Member of the Legislative Assembly
- In office 1968–1983
- Preceded by: Mariri Paratainga
- In office 1958–1965
- Constituency: Atiu

Personal details
- Born: 1 July 1912 Atiu, Cook Islands
- Died: 19 January 1986 (aged 73) Mangaia, Cook Islands

= Vainerere Tangatapoto =

Cook Islands chief, educator and politician (1912–1986)

Vainerere Tangatapoto (1 July 1912 – 19 January 1986) was a Cook Islands chief, educator and politician. He served as member of the Legislative Assembly in two spells between 1958 and 1983.

==Biography==
Tangatapoto was born in July 1912 in Atiu, the son of Akemarae and Tangatapoto. Having won the Sir Maui Pomare medal for being an outstanding pupil twice during his education on Atiu, he became a teacher at Atiu Primary School in 1927 the age of 15. In 1934 he joined the Tagua ship as a cabin boy under Andy Thomson and followed him to the Tiare Taporo.
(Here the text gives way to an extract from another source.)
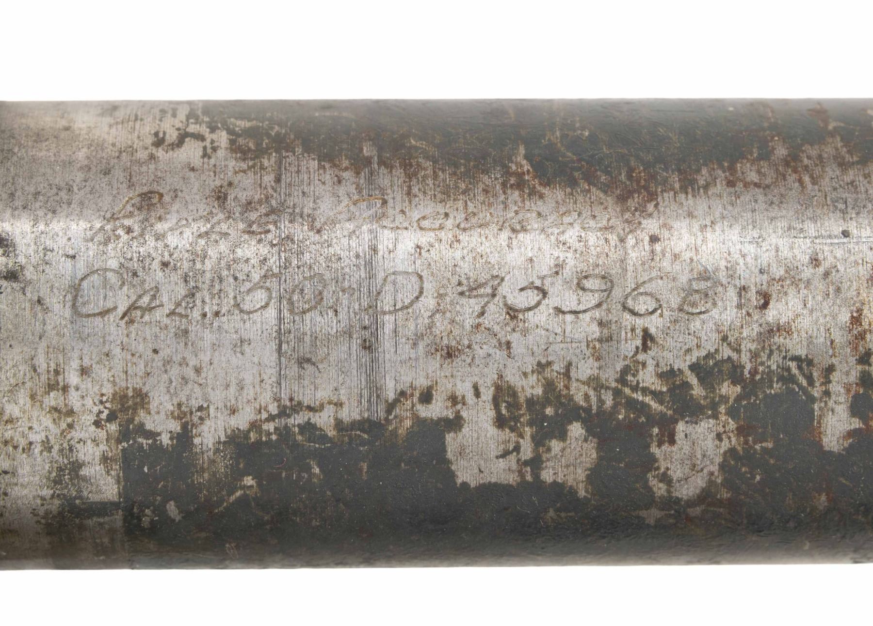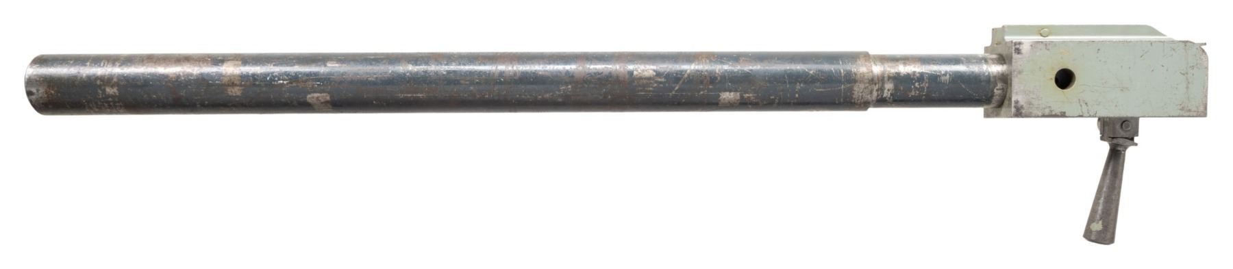 ACCURACY DEVICE. Cal. 50 BMG. S# 3048. Bbl. 35 7/8". This very large, heavy & interesting device was used to test the accuracy of 50 caliber machine gun ammunition. Though similar to other Mann devices, this barrel is fitted w/ a bolt action single shot receiver. The receiver is faintly electro-penciled on top "SA / NO130". Firing is accomplished by a spring-loaded over center hammer. The barrel, which measures approx. 2 1/4" in diameter, has a 4 3/4" rebated section forward of the receiver measuring approx. 2" in diameter. The rebated section is electro-penciled "RIFLE, ACCURACY / CAL. .50-D-45968". The barrel is additionally marked forward of the rebate "M / JM3 / SA15323 / D35496 / SA 9-42 / 3048 / F / small circular symbol resembling sunburst". CONDITION: receiver retains 50% of its thinning flaking light gray paint except the top, which is left in the white. Bolt assembly is in the white. Handling is turning gray w/ patina. Barrel turning gray & patina, showing traces of a dark blue paint w/ wear & handling marks. Very good shiny bore w/ sharp lands. (25-6123/RW). CURIO. $3,000-5,000.

He returned to teaching at the primary school in 1940 and became the first local headteacher in 1951. He also served as a church deacon, founded Atiu's first youth club and public library, and also established the Cook Islands branch of the Boys' and Girls' Brigades, the latter in 1972. He was married to Tuerei and had ten children.

Conferred with the title of ariki, he served as speaker of the Atiu House of Ariki. In the 1958 elections, the first under universal suffrage, he was elected to the Cook Islands Legislative Assembly from the Atiu constituency. He was re-elected in 1961 and the following year was elected to the Executive Committee, the islands' first cabinet, by members of the legislature.

Although he lost his seat in the 1965 elections, which he contested as a United Political Party candidate, he was elected again in 1968 as a representative of the United Cook Islanders party, which he led from 1970 to 1971. He subsequently joined the new Democratic Party and was re-elected in 1972, 1974 and 1978. Following the 1978 elections, he became Deputy Speaker. He was awarded the Queen Elizabeth II Silver Jubilee Medal in 1977, and retired from politics prior to the March 1983 elections. He was awarded an OBE in the 1983 New Year Honours.

He died in Mangaia in January 1986 at the age of 73. After his death the government set up the Vainerere Tangatapoto Foundation Fund for Uniformed Organisations.